Preface to The Limitations Of Economist Analysis

Recently, while searching through my local library (in search of locating a perhaps underappreciated political text) I found my eyes drawn to Capital and Ideology by Thomas Piketty, and found myself mesmerized by how it claims to connect capital (which I, at the time, interpreted as a direct reference to capitalism) to the ideological formations of the people (which I, at the time, rightfully interpreted in post-ideological terms). I was utterly disgusted however, when I began to read the book and found that this economist found it justifiable to provide an analysis of various socio-economic systems, without addressing the social aspect of these systems.
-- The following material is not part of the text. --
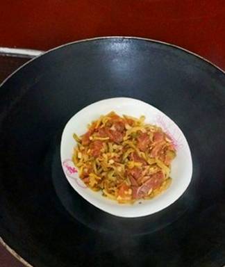 把腌好的肉放入榨菜,油搅拌均匀,大火蒸10分钟

That this author found it justifiable to posit theories, ideas, and structures as though they were their own ideals (when in reality are a rehashing of long understood propositions). That this human-being found it justifiable to remain impartial and provide blatant refusal to take a side or apply morality to his work, while simultaneously critiquing the concept of post-ideology, when he, himself, presents post-ideological stances and opinions through his refusal to assign moral weight to the systems he discusses.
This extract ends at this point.